**EXERCISE AIM**
Each entry is to be reproduced verbatim, and images are to be omitted.

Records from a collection
#####
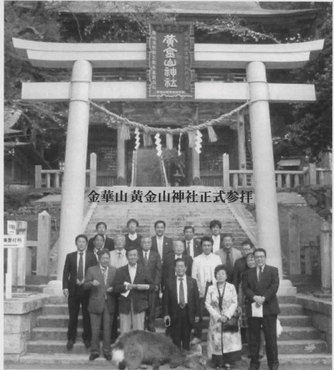
金華山 黄金山神社正式参拝
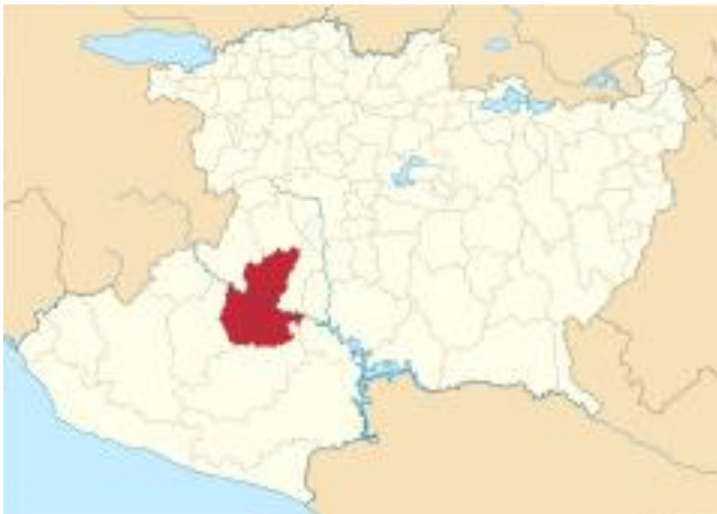
Mapa 2. Municipio de Apatzingán de la constitución, Michoacán.

Apatzingán de la constitución, es un municipio del estado de Michoacán que, así como Buenavista, es uno de los 113 municipios con los que cuenta este estado. Dentro de Apatzingán habitan 126,191 personas (2020) de los cuales el 50.7% son mujeres y el 49.3% son hombres y comparándolo al año 2010, la población de Apatzingán creció un 2.06%. (INEGI, 2020)
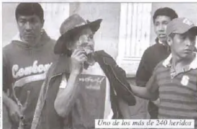
Uno de los más de 240 heridos
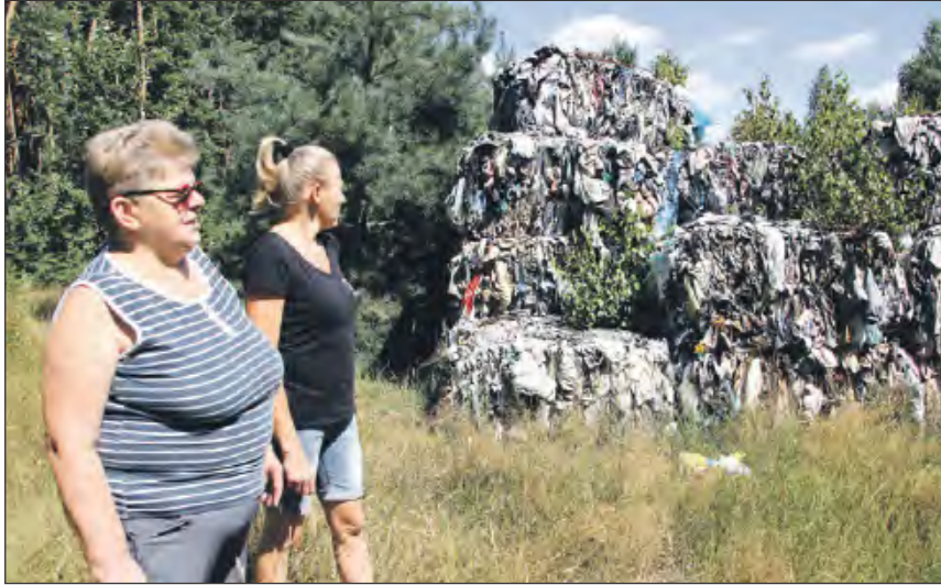
■ Mieszkańcy Owni wciąż z niepokojem patrzą na górę gnijących ubrań

Prokuratura Rejonowa w Rykach skierowała do sądu akt oskarżenia przeciwko Tomaszowi M., podejrzanemu o nieodpowiednie postępowanie z odpadami. Oskarżonemu grozi od roku do 10 lat więzienia
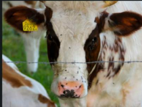
Toch geen mugshot
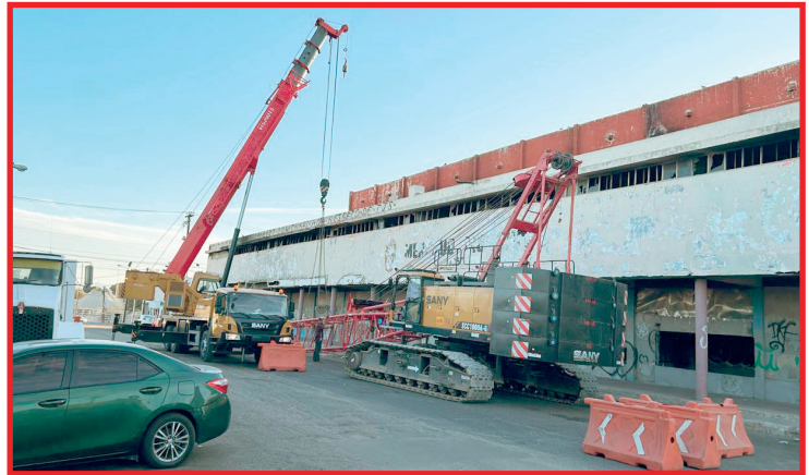
Con maquinaria especial, desde antier empezaron los trabajos de demolición del Mercado Municipal de Mexicali.

El Colegio Cachanilla lo presume como “un evento imperdible”.
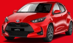
Toyota Yaris Kompaktwagen
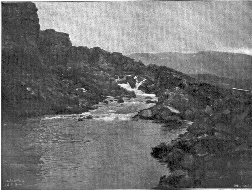
Hus Island. Die Degara und der Verbrechereich in der Almanagjá.

Am andern Morgen sieht der Bauer von Thúsnaballir ein gesattelttes Pferd unterhalb des Grasgartens und glaubt den Fagi des Küsters von Myrká zu erkennen. Er erschrickt; denn er hatte am vorhergehenden Tag den Küster vorbeireiten sehen, von seinem
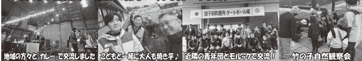
地域の方々と「カレー」で交流しました
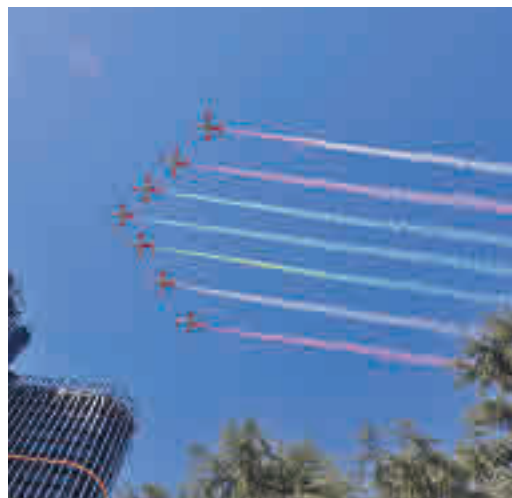
Los aviones surcaron el cielo de Madrid
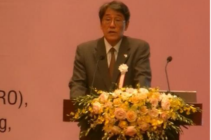
Lời chào từ đại sứ đặc mệnh toàn quyền Umeda Kunio
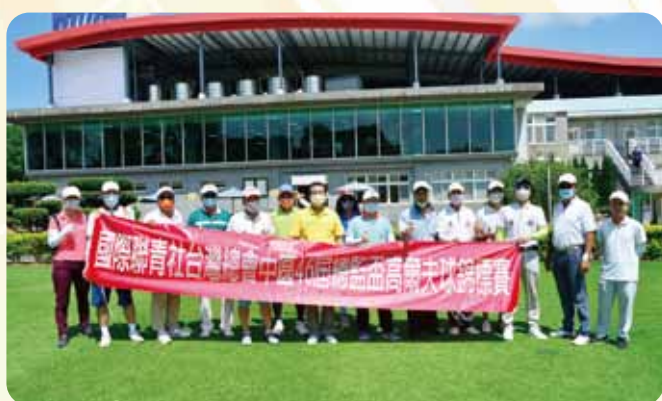
中區總監盃高爾夫球賽
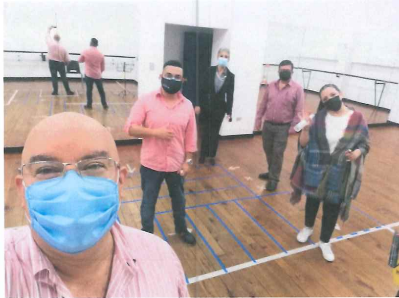
Ensayo previo a la Grabación del Festival “Septiembre Nuestro”,
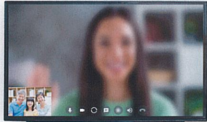
バーチャル背景(PC)・ボカシ機能
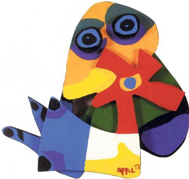
Karel Appel, 'Bloem met blauwe ogen' (1977)

'Als je de ontvangsthal van Van Rietschoten & Houwens aan de Sluisjesdijk in Rotterdam binnenkwam, viel je blik direct op een metersgroot schilderij van een labyrint. Een werk van de Britse kunstenaar Joe Tilson. Het bedrijf van mijn vader deed veel geheim werk voor onder andere de Nederlandse marine. Als mijn vader bezoekers ontving, begon hij de rondleiding altijd bij dit schilderij. "Het bedrijf is een labyrint en dat zal ik u de komende uren laten zien." Aan het einde van de rondleiding keerde hij met zijn gezelschap altijd terug bij dit werk. "Als u goed kijkt ziet u in het midden een paar ogen en een mond met een wijsvinger erop. Dat wil zeggen: mondje dicht over wat u zojuist allemaal hebt gezien".'
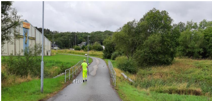
Gång- och cykelvägbro över Källeredsbäcken strax norr om tennishallen.

Kungsbackavägen ligger i närheten av planområdet som upphävs. Inom planen som upphävs finns en parkering för tennishallen i anslutning till Kungsbackavägen.
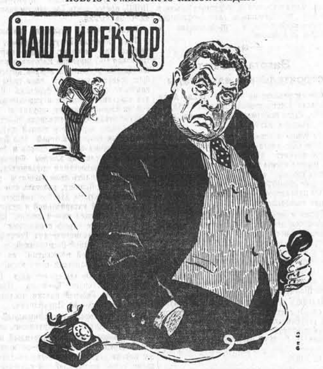
Сценарий — Г. Дорина. Режиссер — Жан Джорджеску. Фильм дублирован на киностудии им. М. Горького. Производство киностудии «Вухарест».
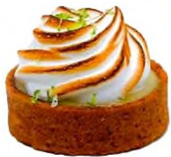
Tarte citron, chantilly basilic
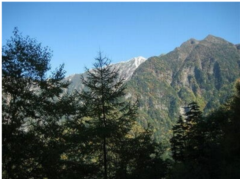
6 鳳凰三山などを眺めながら
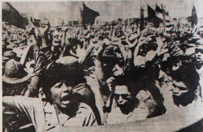
O povo foi às ruas saudar o quinto aniversário da Revolução Sandinista, em Managua

seados em sua experiência própria — e de toda a Europa — com o fascismo. Diante das dificuldades, os social-democratas cedem caminho para a direita e facilitam o avanço do fascismo. O antidoto contra este perigo só pode ser a mobilização energética dos trabalhadores e uma ampla frente única com todos os defensores da liberdade e da democracia.
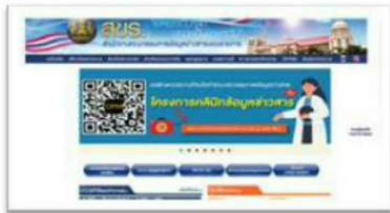
เว็บไซต์เดิม

๔.๙.๑ ปรับปรุงเว็บไซต์สำนักงานคณะกรรมการข้อมูลข่าวสารของราชการ โดยได้ปรับปรุงเมนู จำนวน ๕ เมนู เพิ่มเป็น ๖ เมนู คือ ระบบร้องเรียน/อุทธรณ์ออนไลน์ พระราชบัญญัติข้อมูลข่าวสารของราชการ พ.ศ. ๒๕๔๐ ประกาศคณะกรรมการข้อมูลข่าวสารของราชการ นโยบายคุ้มครองข้อมูลส่วนบุคคล คำประกาศเกี่ยวกับความเป็นส่วนตัว และเว็บไซต์ (กระทู้-ถามตอบ) รวมทั้งได้ดำเนินการปรับปรุงข้อมูลให้เป็นปัจจุบัน ประกอบด้วย คำวินิจฉัย จำนวน ๒๗๒ เรื่อง ตอบข้อหารือ จำนวน ๓๔ เรื่อง คำพิพากษาศาลปกครอง จำนวน ๑ เรื่อง และข่าวทั่วไป จำนวน ๒๒๘ เรื่อง พร้อมทั้งมีผู้เข้าเยี่ยมชม จำนวน ๒๐๗,๙๒๖ ราย
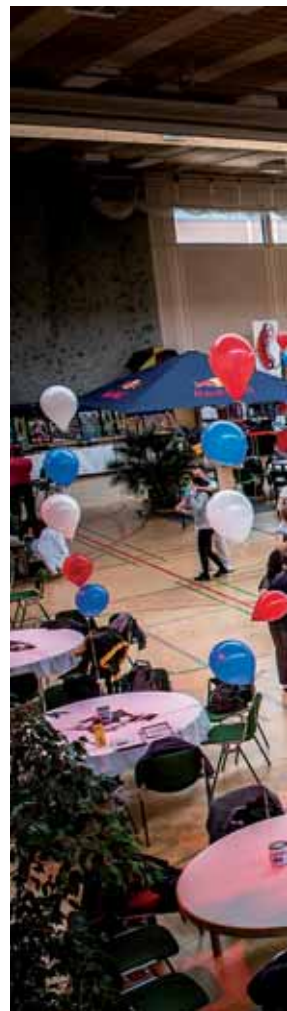
Latinoeeling auf dem Tanzparkett: Beim Salsacongress Austria im Sportzentrum Telfs geht's rhythmisch und heiß her!

Wenn internationale Top-TänzerInnen zu lateinamerikanischen Rhythmen übers Parkett fegen, ist wieder Salsacongress-Zeit. Seit über 10 Jahren findet der größte Latin Event Österreichs in Tirol statt und für die 12. Ausgabe dieses bereits legendären Tanzwochenendes wurde wieder das Telfer Sport- und Veranstaltungszentrum als optimale Location erkoren. Auf über 2.000 m 2 Fläche werden hier aktive und kontemplative Salsafans zusammentreffen, um mitten im Tiroler Winter bei heiß(blütig)er Stimmung viele Tanz-Workshops, Partys und ein beeindruckendes Showprogramm zu zelebrieren.
#####
**PROBLEM SOLUTION**
金華山 黄金山神社正式参拝
Mapa 2. Municipio de Apatzingán de la constitución, Michoacán.

Apatzingán de la constitución, es un municipio del estado de Michoacán que, así como Buenavista, es uno de los 113 municipios con los que cuenta este estado. Dentro de Apatzingán habitan 126,191 personas (2020) de los cuales el 50.7% son mujeres y el 49.3% son hombres y comparándolo al año 2010, la población de Apatzingán creció un 2.06%. (INEGI, 2020)
Uno de los más de 240 heridos
■ Mieszkańcy Owni wciąż z niepokojem patrzą na górę gnijących ubrań

Prokuratura Rejonowa w Rykach skierowała do sądu akt oskarżenia przeciwko Tomaszowi M., podejrzanemu o nieodpowiednie postępowanie z odpadami. Oskarżonemu grozi od roku do 10 lat więzienia
Toch geen mugshot
Con maquinaria especial, desde antier empezaron los trabajos de demolición del Mercado Municipal de Mexicali.

El Colegio Cachanilla lo presume como “un evento imperdible”.
Toyota Yaris Kompaktwagen
Hus Island. Die Degara und der Verbrechereich in der Almanagjá.

Am andern Morgen sieht der Bauer von Thúsnaballir ein gesattelttes Pferd unterhalb des Grasgartens und glaubt den Fagi des Küsters von Myrká zu erkennen. Er erschrickt; denn er hatte am vorhergehenden Tag den Küster vorbeireiten sehen, von seinem
地域の方々と「カレー」で交流しました
Los aviones surcaron el cielo de Madrid
Lời chào từ đại sứ đặc mệnh toàn quyền Umeda Kunio
中區總監盃高爾夫球賽
Ensayo previo a la Grabación del Festival “Septiembre Nuestro”,
バーチャル背景(PC)・ボカシ機能
Karel Appel, 'Bloem met blauwe ogen' (1977)

'Als je de ontvangsthal van Van Rietschoten & Houwens aan de Sluisjesdijk in Rotterdam binnenkwam, viel je blik direct op een metersgroot schilderij van een labyrint. Een werk van de Britse kunstenaar Joe Tilson. Het bedrijf van mijn vader deed veel geheim werk voor onder andere de Nederlandse marine. Als mijn vader bezoekers ontving, begon hij de rondleiding altijd bij dit schilderij. "Het bedrijf is een labyrint en dat zal ik u de komende uren laten zien." Aan het einde van de rondleiding keerde hij met zijn gezelschap altijd terug bij dit werk. "Als u goed kijkt ziet u in het midden een paar ogen en een mond met een wijsvinger erop. Dat wil zeggen: mondje dicht over wat u zojuist allemaal hebt gezien".'
Gång- och cykelvägbro över Källeredsbäcken strax norr om tennishallen.

Kungsbackavägen ligger i närheten av planområdet som upphävs. Inom planen som upphävs finns en parkering för tennishallen i anslutning till Kungsbackavägen.
Сценарий — Г. Дорина. Режиссер — Жан Джорджеску. Фильм дублирован на киностудии им. М. Горького. Производство киностудии «Вухарест».
Tarte citron, chantilly basilic
6 鳳凰三山などを眺めながら
O povo foi às ruas saudar o quinto aniversário da Revolução Sandinista, em Managua

seados em sua experiência própria — e de toda a Europa — com o fascismo. Diante das dificuldades, os social-democratas cedem caminho para a direita e facilitam o avanço do fascismo. O antidoto contra este perigo só pode ser a mobilização energética dos trabalhadores e uma ampla frente única com todos os defensores da liberdade e da democracia.
เว็บไซต์เดิม

๔.๙.๑ ปรับปรุงเว็บไซต์สำนักงานคณะกรรมการข้อมูลข่าวสารของราชการ โดยได้ปรับปรุงเมนู จำนวน ๕ เมนู เพิ่มเป็น ๖ เมนู คือ ระบบร้องเรียน/อุทธรณ์ออนไลน์ พระราชบัญญัติข้อมูลข่าวสารของราชการ พ.ศ. ๒๕๔๐ ประกาศคณะกรรมการข้อมูลข่าวสารของราชการ นโยบายคุ้มครองข้อมูลส่วนบุคคล คำประกาศเกี่ยวกับความเป็นส่วนตัว และเว็บไซต์ (กระทู้-ถามตอบ) รวมทั้งได้ดำเนินการปรับปรุงข้อมูลให้เป็นปัจจุบัน ประกอบด้วย คำวินิจฉัย จำนวน ๒๗๒ เรื่อง ตอบข้อหารือ จำนวน ๓๔ เรื่อง คำพิพากษาศาลปกครอง จำนวน ๑ เรื่อง และข่าวทั่วไป จำนวน ๒๒๘ เรื่อง พร้อมทั้งมีผู้เข้าเยี่ยมชม จำนวน ๒๐๗,๙๒๖ ราย
Latinoeeling auf dem Tanzparkett: Beim Salsacongress Austria im Sportzentrum Telfs geht's rhythmisch und heiß her!

Wenn internationale Top-TänzerInnen zu lateinamerikanischen Rhythmen übers Parkett fegen, ist wieder Salsacongress-Zeit. Seit über 10 Jahren findet der größte Latin Event Österreichs in Tirol statt und für die 12. Ausgabe dieses bereits legendären Tanzwochenendes wurde wieder das Telfer Sport- und Veranstaltungszentrum als optimale Location erkoren. Auf über 2.000 m 2 Fläche werden hier aktive und kontemplative Salsafans zusammentreffen, um mitten im Tiroler Winter bei heiß(blütig)er Stimmung viele Tanz-Workshops, Partys und ein beeindruckendes Showprogramm zu zelebrieren.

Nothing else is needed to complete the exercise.